**Work instruction**
Please produce a character-exact copy of the listing that follows, omitting all images.

**Data below**

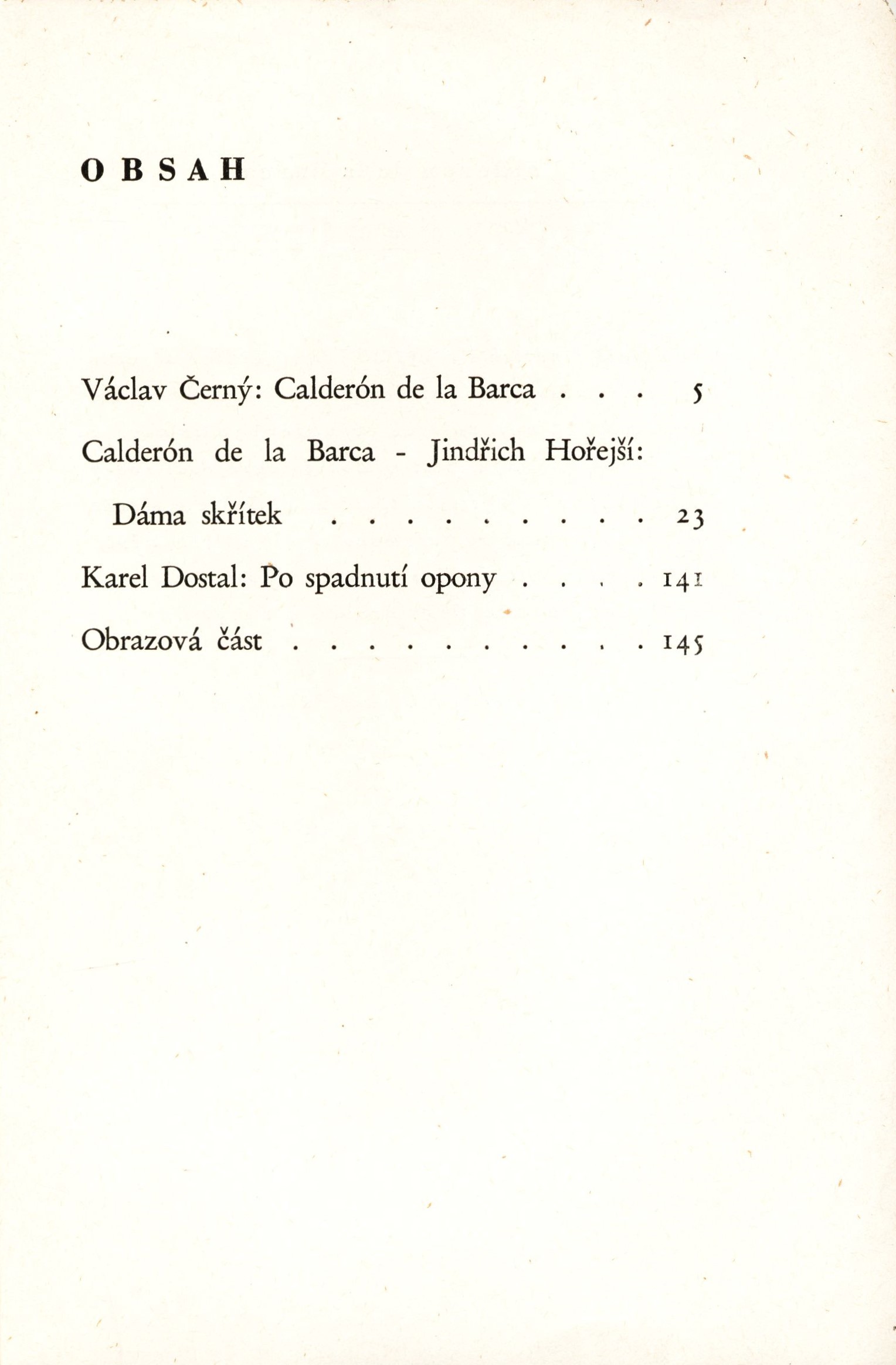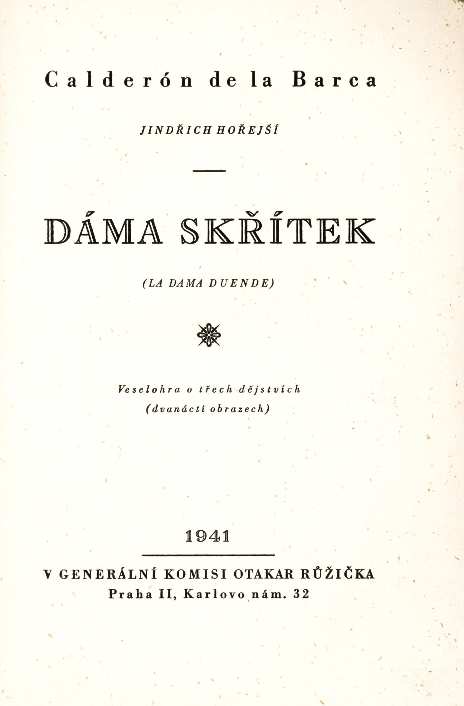1. Názvové údajeDáma skřítek : (La dama duende) ; Veselohra o třech dějstvích (dvanácti obrazech) / Calderón de la Barca ; Přebásnil Jidřich Hořejší ; Obálka a typografická úprava jsou provedeny podle návrhu Stanislava Kohouta ; Šest příloh fotografoval Josef Heinrich
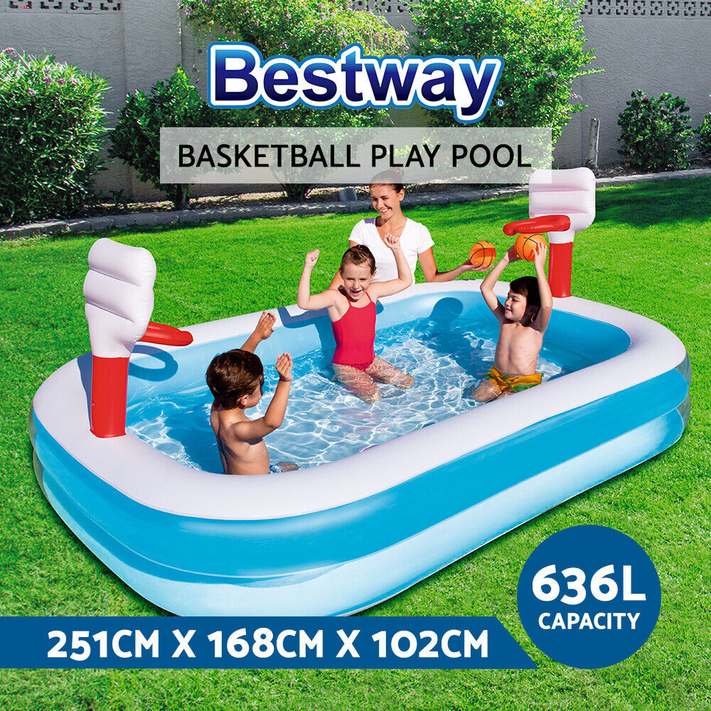 Your children will be making a splash among their friends this summer with the Bestway Basketball Play Pool. With its 2-ply design, the pool is strong and sturdy and stands up to robust play with minimum hassle. The pre-tested vinyl material is also durable and safe for kids. Better still, the pool also features two basketball nets and includes two balls for a whole lot of shooting and dunking fun. And once the fun and games is over, just release the easy-to-drain safety valve to empty the pool and store until the next play day. Not least, a heavy-duty repair kit is also included. Packaged in a colourful box, the pool is recommended for kids 3 years and above.
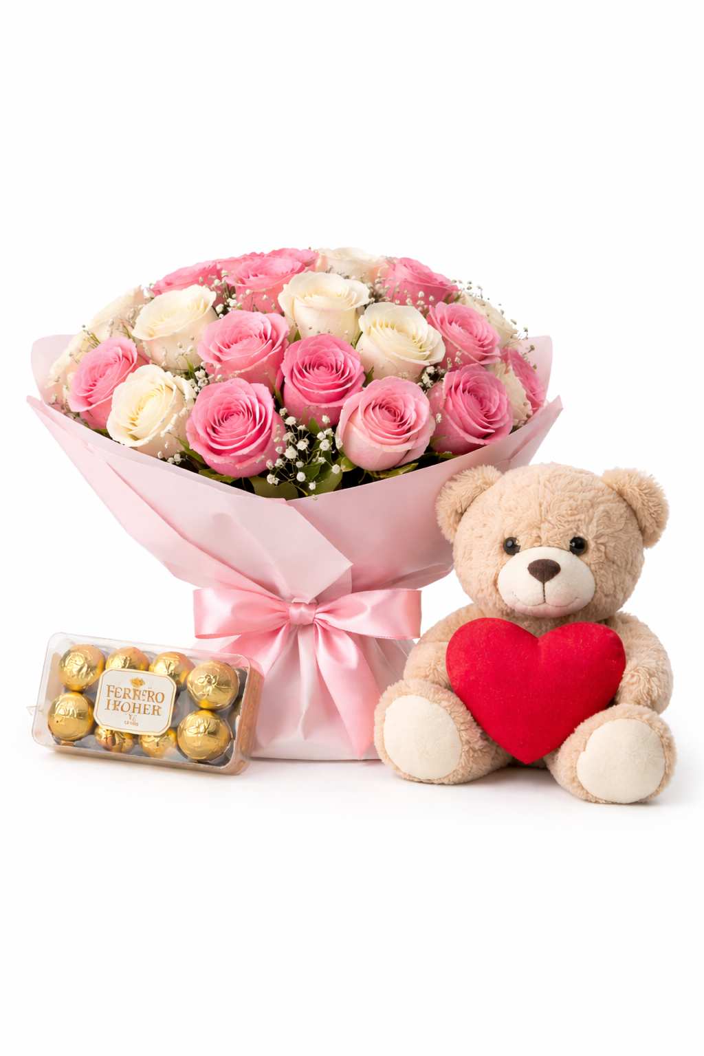 Hermoso ramillete compuesto por 24 rosas en tonos rosados y blancos, cuidadosamente seleccionadas para transmitir dulzura, elegancia y cariño. Este arreglo se complementa con una deliciosa caja de 8 chocolates Ferrero Rocher, aportando un toque especial y sofisticado al regalo.

**Exercise solution**
1. Názvové údajeDáma skřítek : (La dama duende) ; Veselohra o třech dějstvích (dvanácti obrazech) / Calderón de la Barca ; Přebásnil Jidřich Hořejší ; Obálka a typografická úprava jsou provedeny podle návrhu Stanislava Kohouta ; Šest příloh fotografoval Josef Heinrich
 Your children will be making a splash among their friends this summer with the Bestway Basketball Play Pool. With its 2-ply design, the pool is strong and sturdy and stands up to robust play with minimum hassle. The pre-tested vinyl material is also durable and safe for kids. Better still, the pool also features two basketball nets and includes two balls for a whole lot of shooting and dunking fun. And once the fun and games is over, just release the easy-to-drain safety valve to empty the pool and store until the next play day. Not least, a heavy-duty repair kit is also included. Packaged in a colourful box, the pool is recommended for kids 3 years and above.
 Hermoso ramillete compuesto por 24 rosas en tonos rosados y blancos, cuidadosamente seleccionadas para transmitir dulzura, elegancia y cariño. Este arreglo se complementa con una deliciosa caja de 8 chocolates Ferrero Rocher, aportando un toque especial y sofisticado al regalo.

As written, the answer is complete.